> _Your goal_
Leave the pictures out, and print everything else in the records exactly.

> _Provided entries_
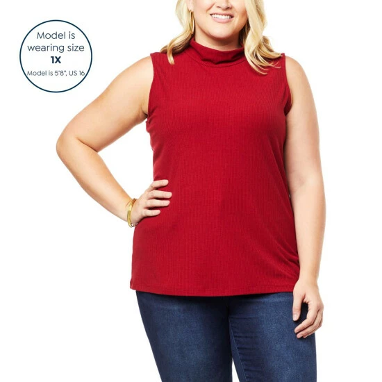 Stock up on comfy layeringbasics with this oh-so-soft,ribbed knit, mock-neck tank from Colleen Lopez.
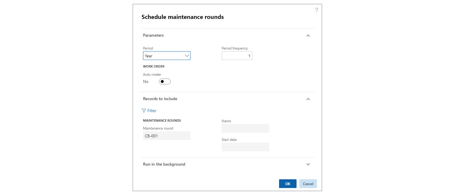 - Auto create – Set to Yes if work orders should automatically be created from maintenance schedule lines that are created from this maintenance round.
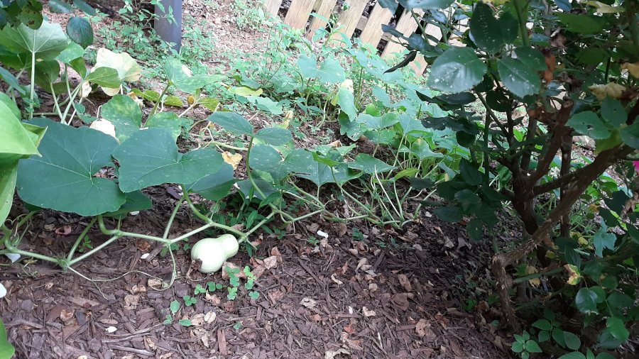Last year I emptied my composter here. This vine is growing under my roses and has 4 squash. Will these be edible and if so what should I do? Do they need fertilizer, should they be raised up off the ground? When should they be picked, and will they grow up the roses? Any advice would be appreciated.
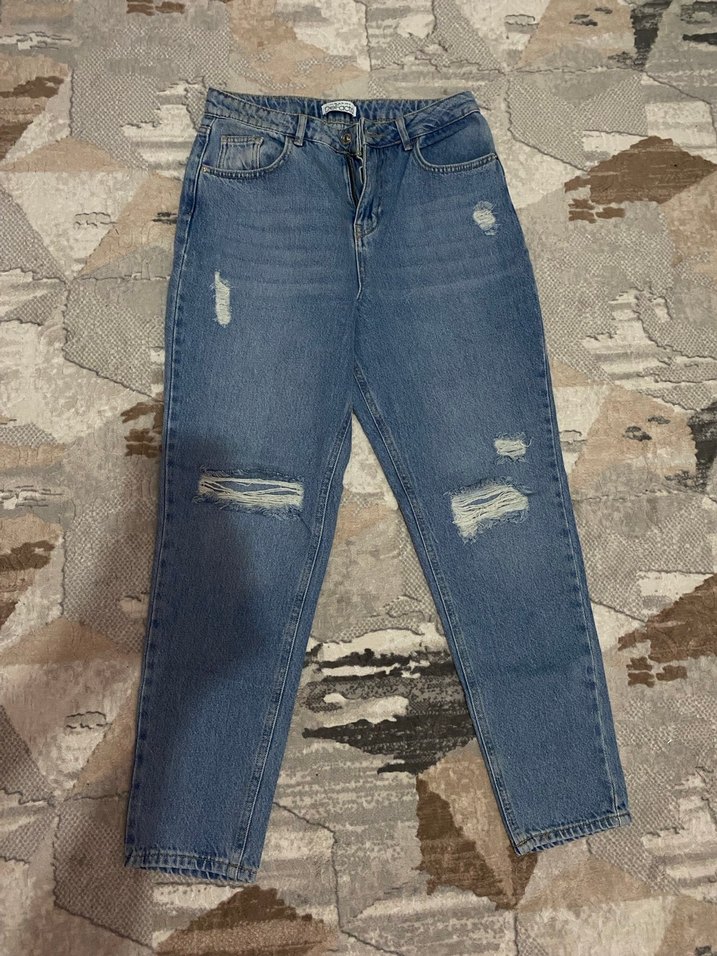 Yırtık detaylı, normal boyda, bol kesim kadın kot pantolon. Günlük kullanıma uygun, rahat ve sokak stili için ideal.
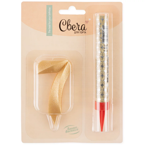 Набор, Фонтан и Свеча Цифра, 7 Грани, Золото, 10 см, 1 шт., 1777
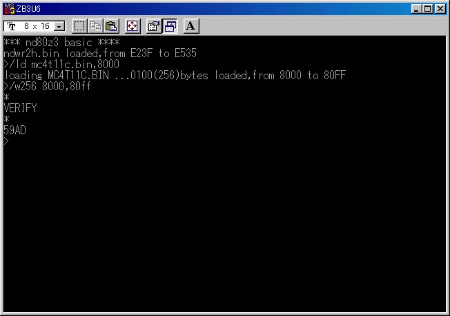 MC4T11C.BINをRAMにロードしてその範囲(8000〜80FF)を27C256に書き込みました。

> _Result of the exercise_
 Stock up on comfy layeringbasics with this oh-so-soft,ribbed knit, mock-neck tank from Colleen Lopez.
 - Auto create – Set to Yes if work orders should automatically be created from maintenance schedule lines that are created from this maintenance round.
Last year I emptied my composter here. This vine is growing under my roses and has 4 squash. Will these be edible and if so what should I do? Do they need fertilizer, should they be raised up off the ground? When should they be picked, and will they grow up the roses? Any advice would be appreciated.
 Yırtık detaylı, normal boyda, bol kesim kadın kot pantolon. Günlük kullanıma uygun, rahat ve sokak stili için ideal.
 Набор, Фонтан и Свеча Цифра, 7 Грани, Золото, 10 см, 1 шт., 1777
 MC4T11C.BINをRAMにロードしてその範囲(8000〜80FF)を27C256に書き込みました。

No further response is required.